• [EXERCISE DIRECTIONS]: Drop every picture and copy exactly the lines from the one with "2019年鄉村新款帶灶房三層" through the last line of the listing below.

<<<<

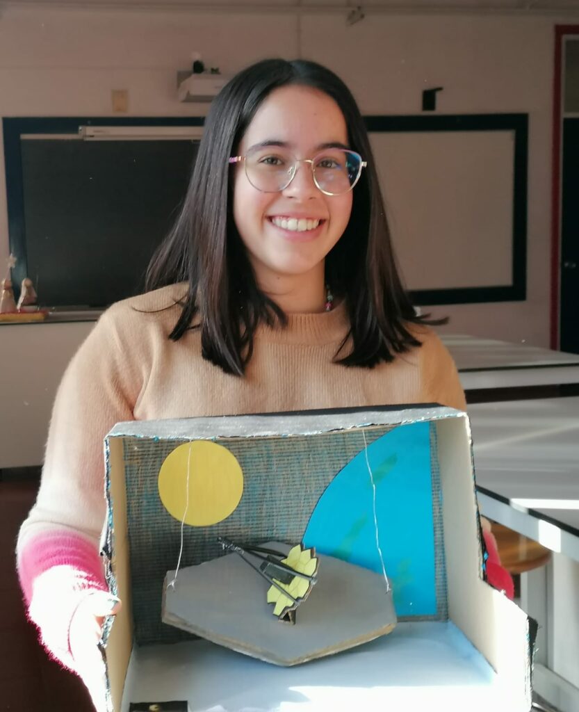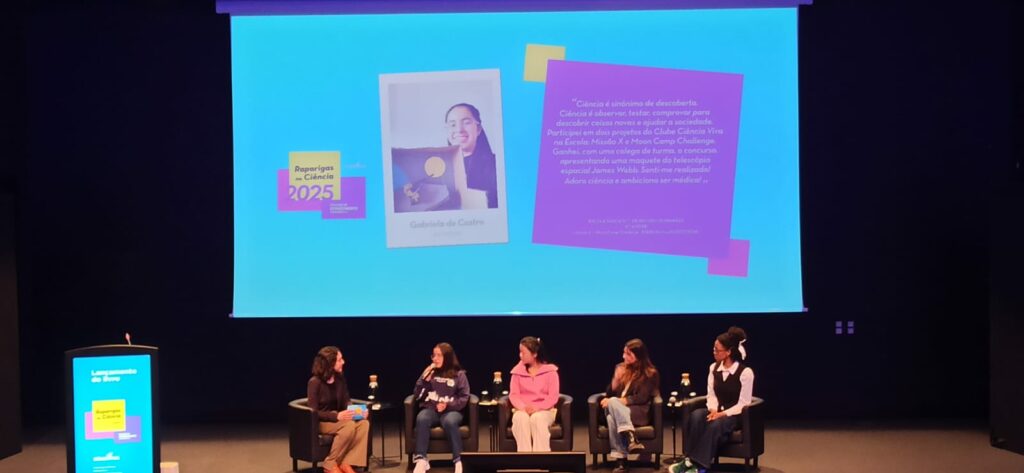 A aluna foi selecionada entre uma centena de alunas por ser uma aluna de quadro de mérito, que gosta de Ciência e que tem participado em diversas atividades nessa área do saber. Por esse motivo, foi convidada pelo Centro de Ciência Viva de Lisboa a partilhar a sua experiência, o seu projeto e o trabalho desenvolvido no Agrupamento, para uma plateia repleta de alunos, professores e familiares. E ela fê-lo com distinção!
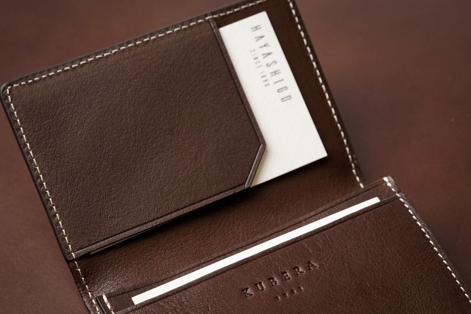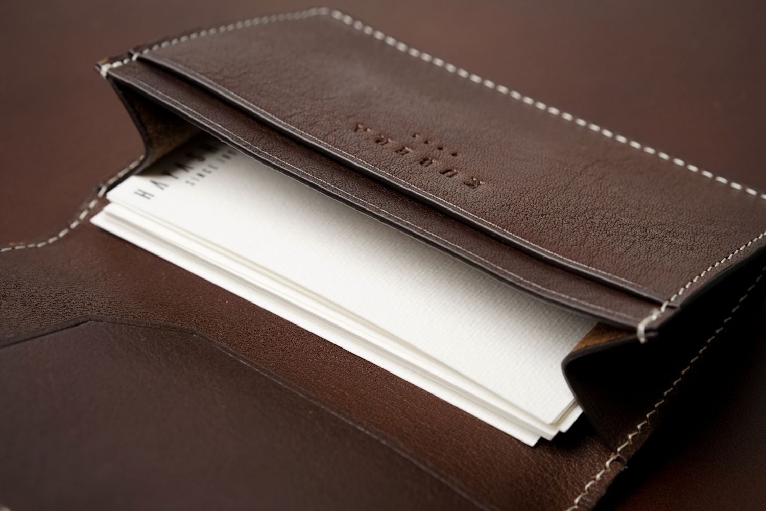 2か所設けたポケットには、いただいた名刺やさっと取り出したい自分の名刺など、あるいはいざという時の電子マネーなど、使いやすいように自由にアレンジ可能です。
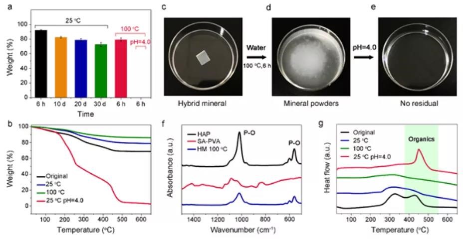 HMs的主要組分均具有良好的環(huán)境友好性和可生物降解性。簡單地將樣品浸入水中模擬了HM降解的自然條件。30天時,HMs中的有機物大多通過簡單的水處理被溶解,其余塊體幾乎為純CaP礦物相。隨著溫度的升高,這種有機溶解過程加快,在100℃時,HM在6h內(nèi)逐漸分解成粉末。
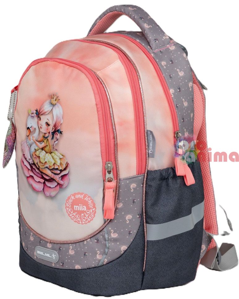 Ученическите раници Belmil се отличават със своя изключителен комфорт, съчетан с високо качество на използваните материали. Раницата за училище Belmil Miia 1 е от най-популярните и търсени модели раници на производителя, поради практичност, ергономичност и страхотен дизайн. Ексклузивна лимитирана серия на българската илюстраторка Ивайла Стоева (Miia). Тежи само 700-750 г.
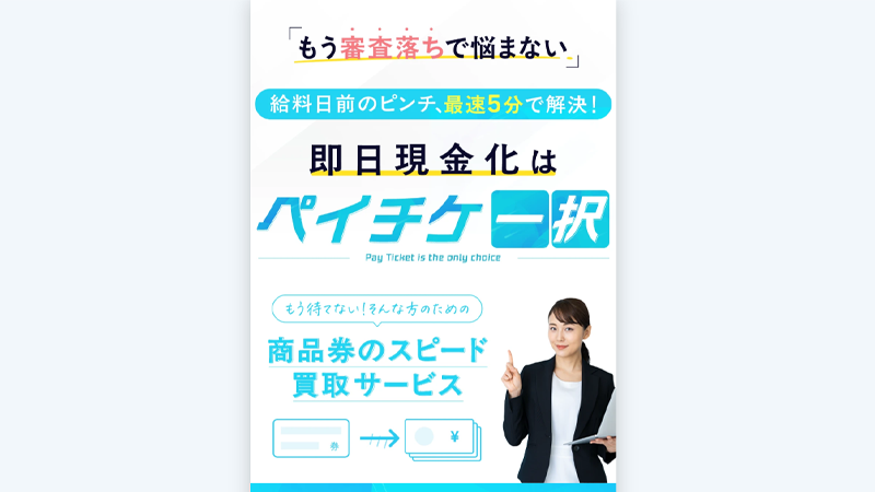 LINE完結・在籍確認・審査・買取価格・再契約・必要書類・土日祝日営業など、ペイチケ 先払い買取の特徴を調査、5ちゃんねるの投稿から利用者の評判をあわせて解説します。
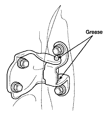 4. Grease the pivot portions of the hinges indicated by the arrows.
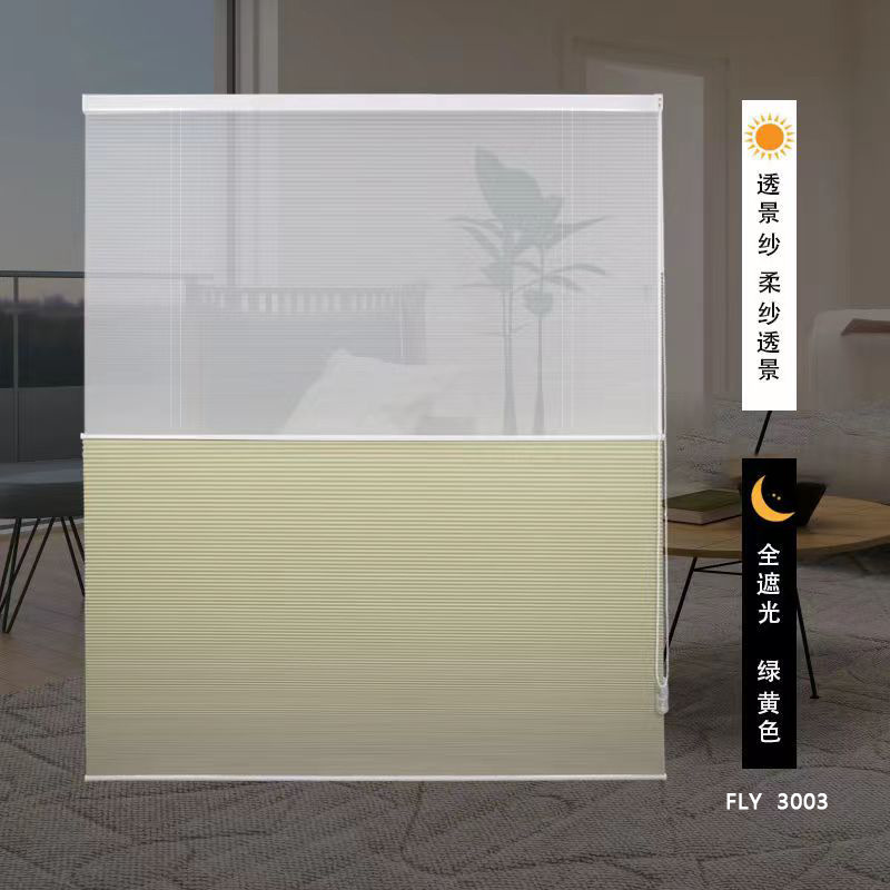 • 주야간 커튼 흰색 거즈 + 완전 암막 녹색 및 노란색
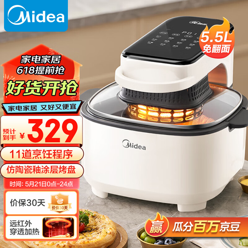美的(Midea)空气炸锅 免翻面 可视 家用大容量 5.5L 炸烤箱一体 多功能 不沾易洗 不用翻面 MF-KZC551J5价格:369.00元!
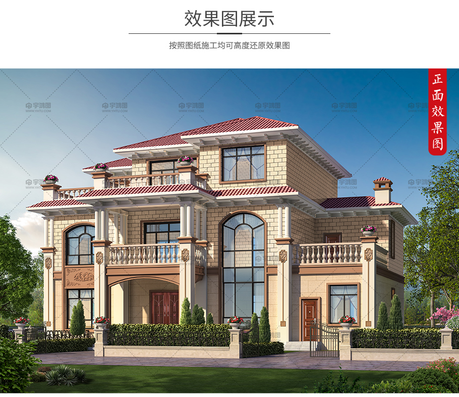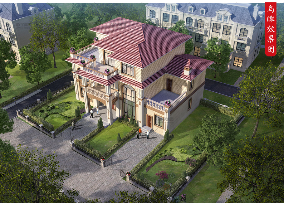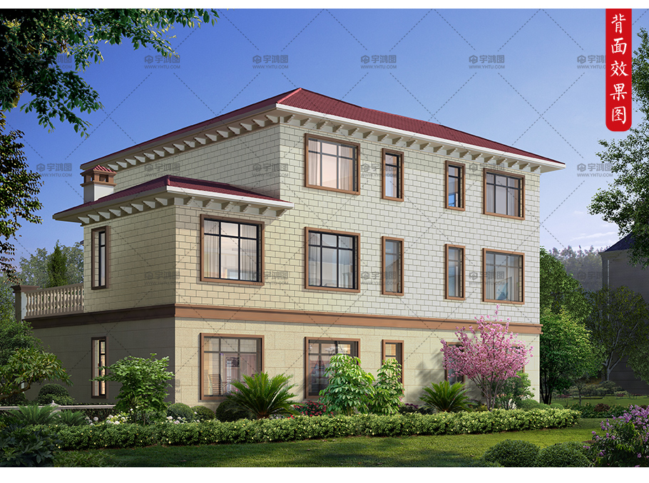 2019年鄉村新款帶灶房三層歐式別墅設計圖,框架結構。一層門廳進入33平方米大堂屋,堂屋東側有餐客廳大通間,餐廳東側雜物間,清洗池,灶房,廚房一體化。樓梯間有儲藏空間,堂屋西側有2個臥室。二層有4個臥室,一個起居室,一個儲藏間,洗衣房,露臺,陽臺。三層有3個臥室,其中兩個帶衣帽間,南側和西側各有一個露臺。
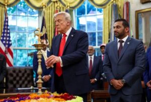 FBI Director Kash Patel looks on as US President Donald Trump lights a candle during a Diwali celebration at the White House on October 21. – Kevin Lamarque/Reuters

>>>>

• [WRITTEN ANSWER]:
 2019年鄉村新款帶灶房三層歐式別墅設計圖,框架結構。一層門廳進入33平方米大堂屋,堂屋東側有餐客廳大通間,餐廳東側雜物間,清洗池,灶房,廚房一體化。樓梯間有儲藏空間,堂屋西側有2個臥室。二層有4個臥室,一個起居室,一個儲藏間,洗衣房,露臺,陽臺。三層有3個臥室,其中兩個帶衣帽間,南側和西側各有一個露臺。
 FBI Director Kash Patel looks on as US President Donald Trump lights a candle during a Diwali celebration at the White House on October 21. – Kevin Lamarque/Reuters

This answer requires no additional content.